But a great deal of our time and diplomatic attention is consumed by a few sparsely populated petro-emirates — and that investment of U.S. resources is, thanks to the great blessing of fracking, increasingly optional. It is not really true that the United States has become energy independent — much of our refining capacity is optimized for the “sour” crude we import from the Middle East rather than for the “light sweet” stuff we produce in West Texas and now export to the rest of the world — but we are today in a very different position than we were in the 1970s or even ten years ago. The troublesome parts of the Middle East need our markets more than we need their oil. If you want to keep things that way — and you want to strengthen the U.S. hand even more, and give the United States and its allies even more options — then you should welcome expanded oil and gas production — in the United States, in the United Kingdom, and in Europe, too.

For years, the U.S. focus on the Muslim world was determined by where the oil is. We now have the freedom of turning our attention to where the people are, and we should. But we have not made much of that opportunity: Our relations with Indonesia are mostly conducted at arm’s length; our interest there is desultory, and the country rarely intrudes on our national attention. (The U.S. press covers Joko Widodo with nothing of the fascination reserved for Mohammed bin Salman.) But there are significant stakes at play there. The Trump administration views India principally as an economic competitor rather than a country with substantially overlapping interests — it has China on one side and jihad on the other.
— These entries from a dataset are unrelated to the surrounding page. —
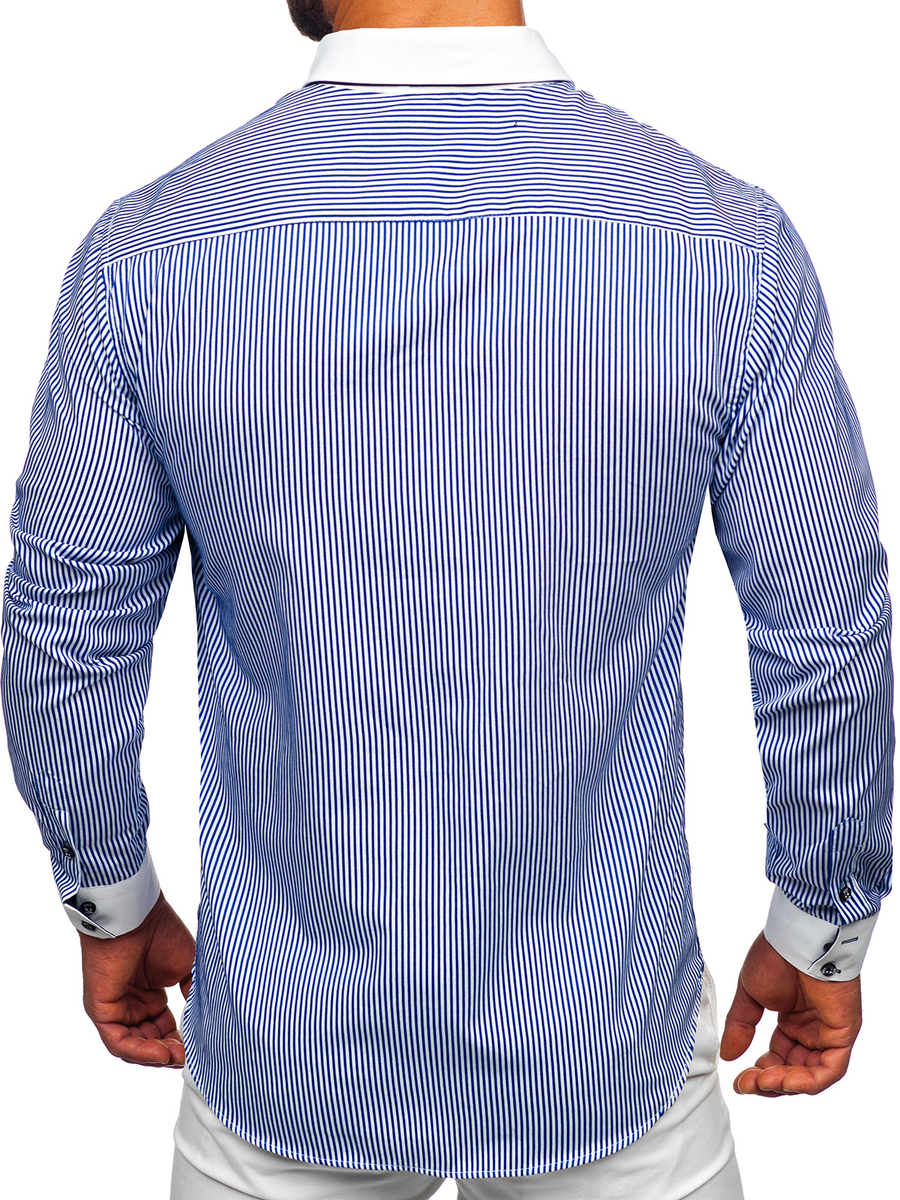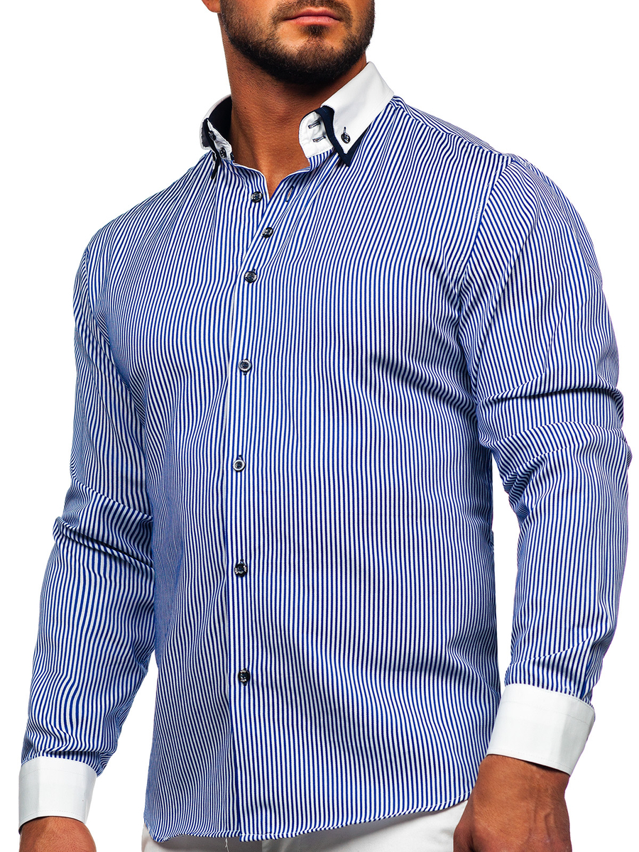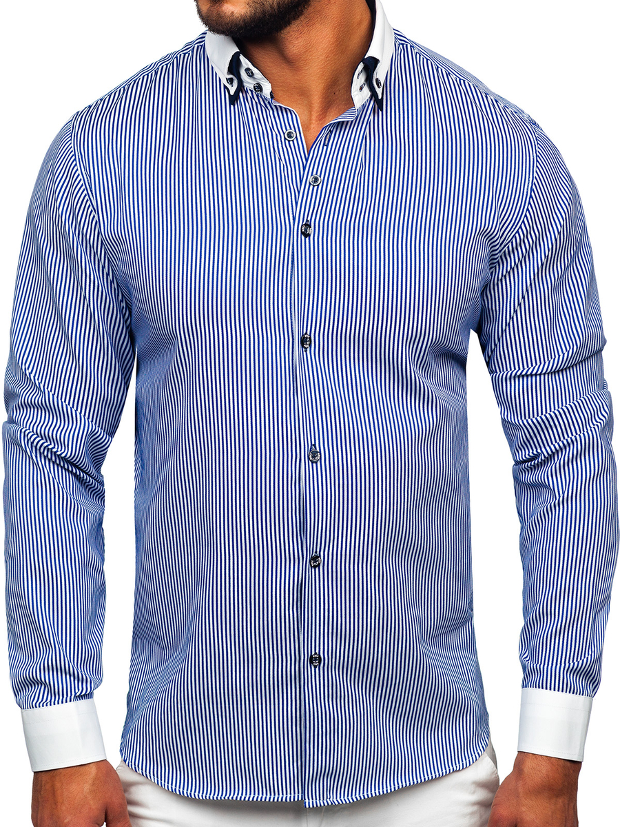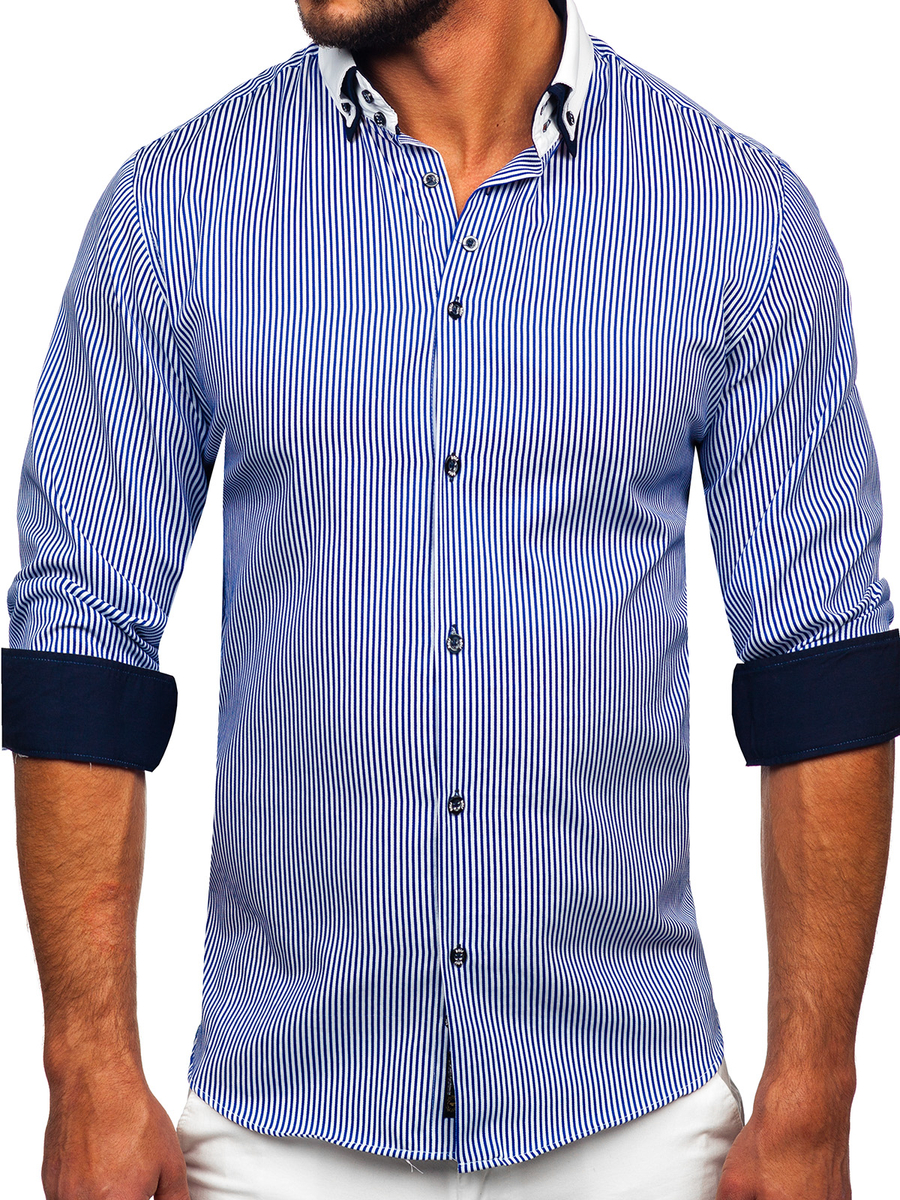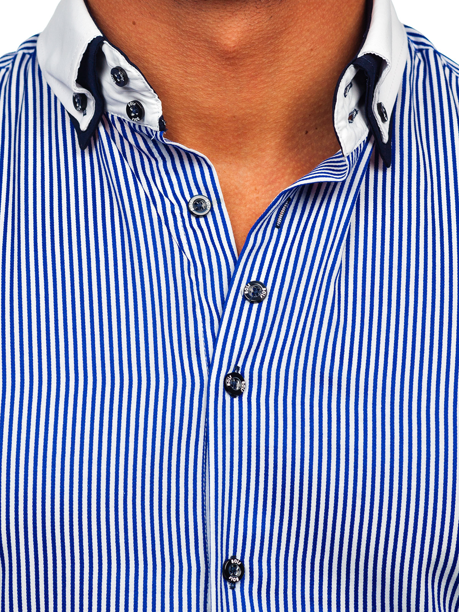A bróker ing, valószínűleg az egyik legférfiasabb férfiing fazon. Ideális, hogy hibátlan kinézetet biztosítson egy sikeres férfinak. Kék színű férfi Bolf slim fit ing, mutatós és modern. A kék csíkok feldobják a hétköznapi lookot, dupla button down gallér lazaságot biztosít.
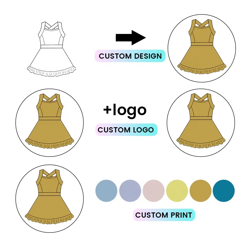 Kerui Girls Summer Active Wear Custom Logo Manufacturer Baby Girl Dance Tennis Dress Sports Fitness Wear Toddler Yoga Dress
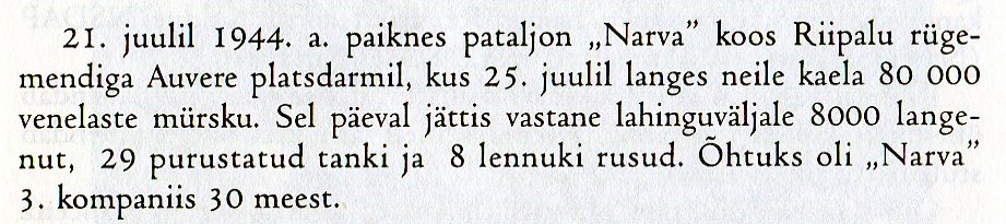 Mäletan, et sel ööl ma uinuda ei saanud - olukord oli liiga ärev. Mõtlesin meie kompanii poistele: “Kas nad suudavad vastu pidada?” Vastase poolel oli suur ülekaal nii elavjõu kui ka tankide osas. Kui major Riipalule alluvates üksustes oli umbes 2000, kõige rohkem 2500 meest, siis vastane võis meid rünnata mitme diviisiga. Oli ju Punaarmee rünnaku eesmärgiks Auvere juures rindest läbi murda, jõuda mereni Mummasaares ja armeegrupp “Narva” kotti võtta.
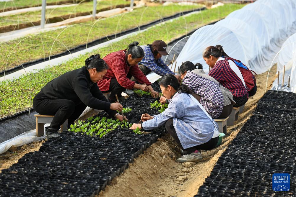 眼下正值菜苗育苗时节,在江西省宜春市袁州区飞剑潭乡陈源村的蔬菜种植基地内,村民们正抢抓农时培育和移栽辣椒、茄子、丝瓜、南瓜、苦瓜等蔬菜幼苗,为即将到来的春耕播种做准备。
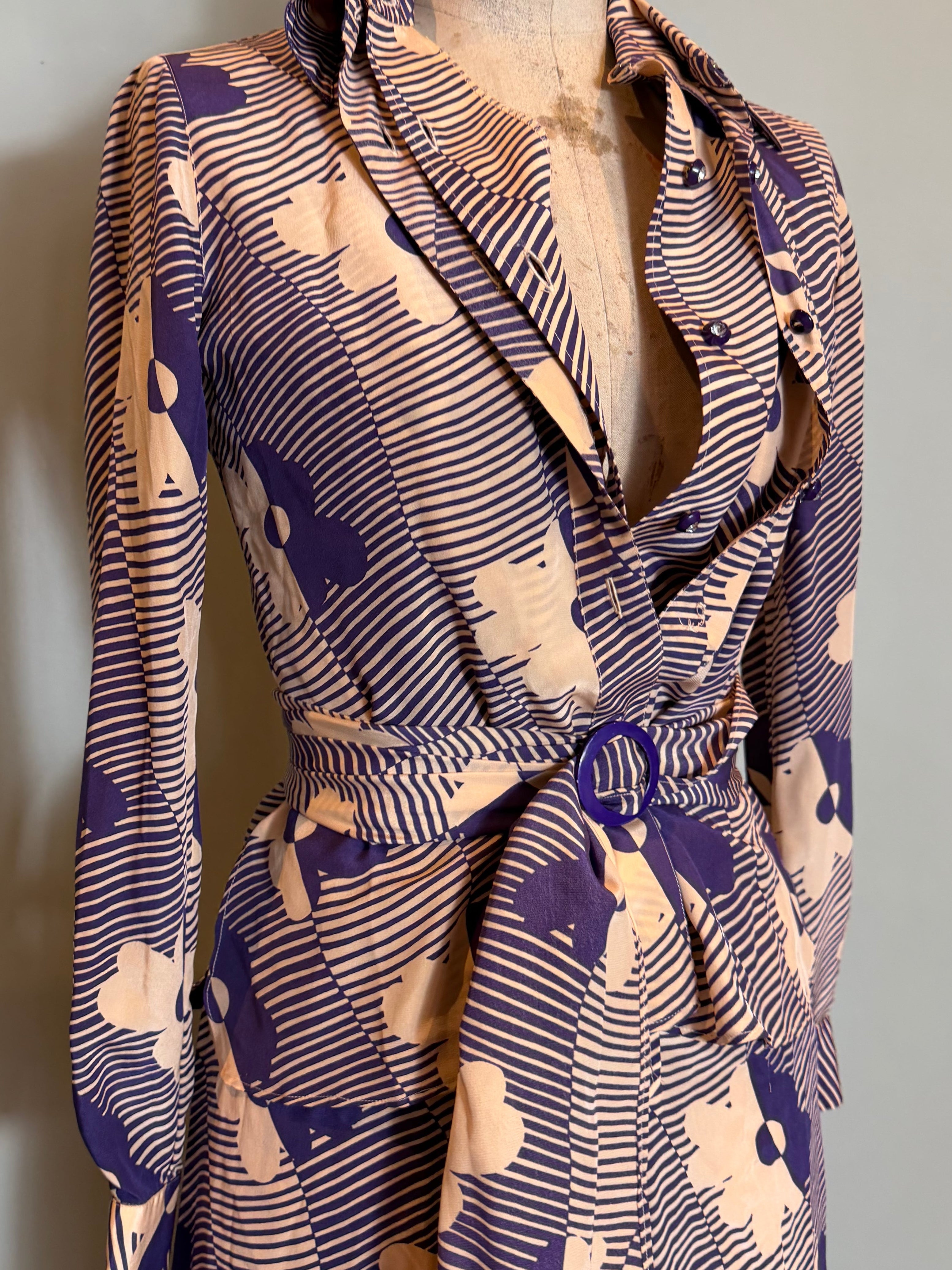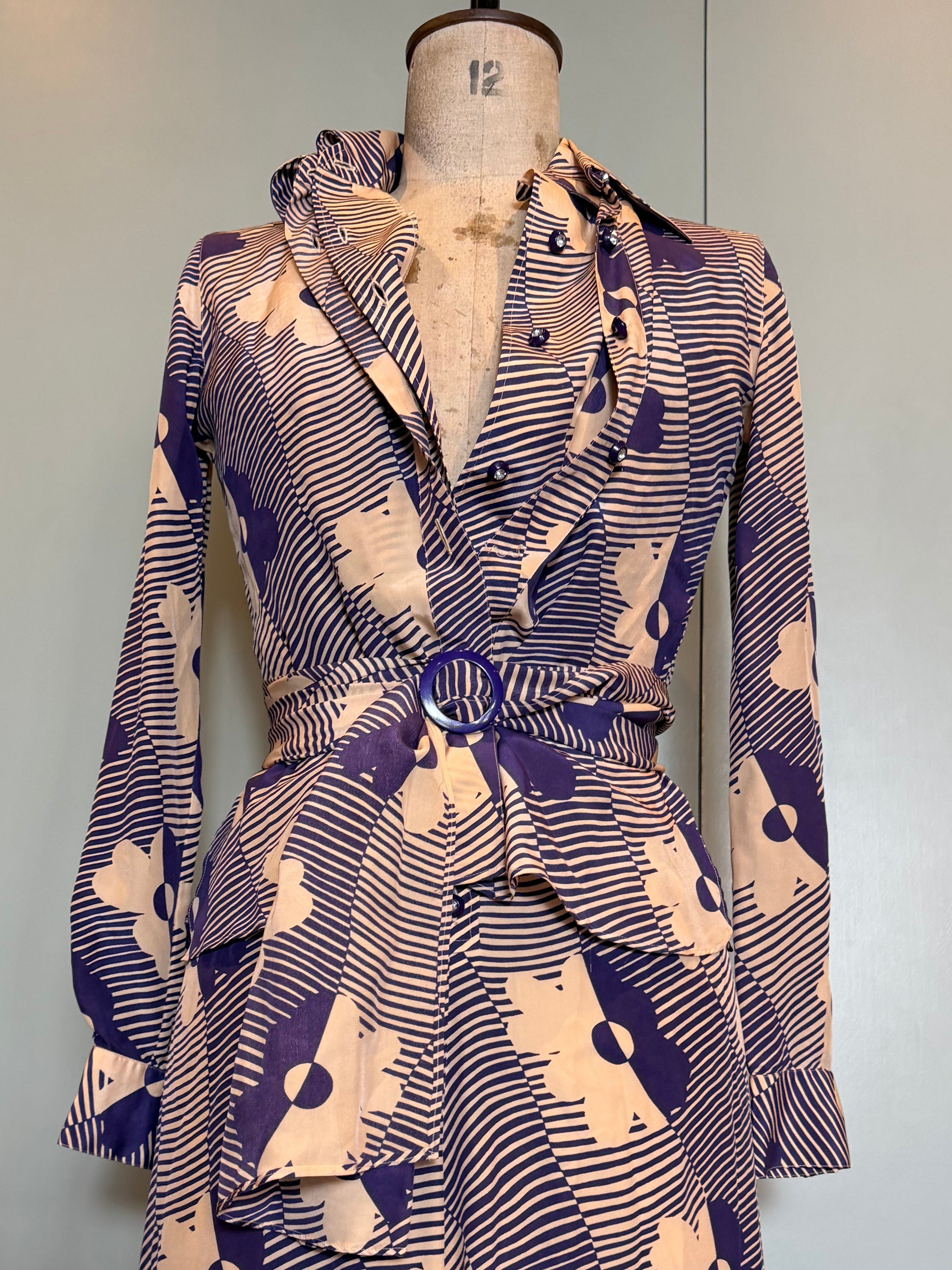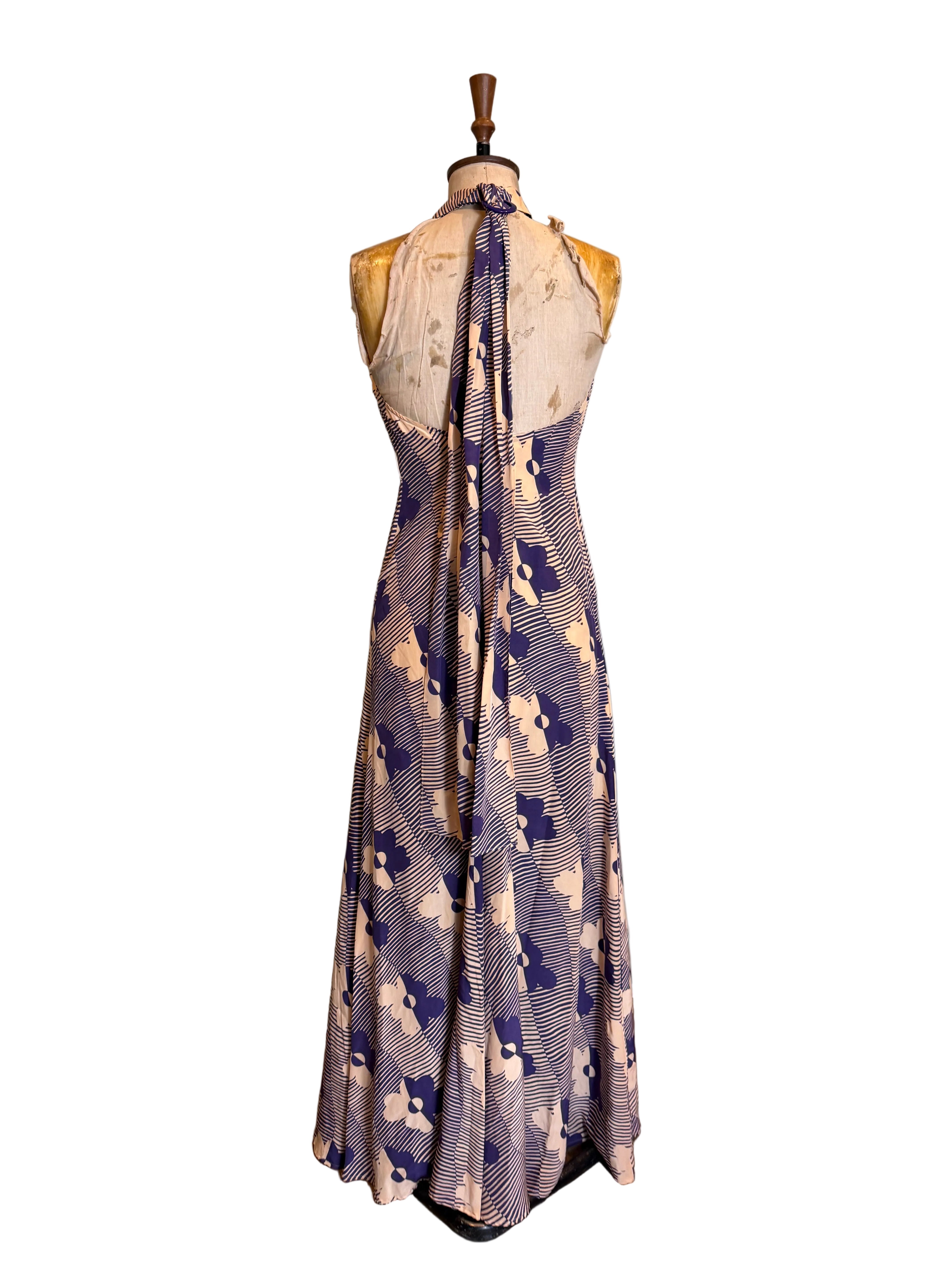 Embrace the elegance of a bygone era with this fab 70s does art deco silk floral print ensemble, a three-piece masterpiece that includes a halterneck dress with a sophisticated lapel, an alluring A-line silhouette, and a matching bolero jacket. Delicate buttons adorned with rhinestone motifs and a charming Bakelite-buckled belt elevate this luxurious creation, inviting the wearer into a realm of timeless sophistication.

Pakistan, long a de facto U.S. dependency, is slowly turning into Afghanistan, and the United States seems to have very little interest in trying to forestall that — and yet at the same time still apparently lacks the political will to forthrightly admit that any “nation-building” we might undertake there is not going to be worth the cost, and to cut loose Islamabad or at least to be prepared to cut it loose. The United States, always hostage to Washington’s pathological short-termism, has given very little thought to what a post-ayatollah Iran might look like, or to prepare for that eventuality when it comes to pass, which it will.

Pursuing regime change in Tehran would be a great deal more attractive if we had some idea of how we might ensure that the change would be for the better. If the United States has any meaningful relationships with the would-be reformers in Iran, Washington has been very quiet about it.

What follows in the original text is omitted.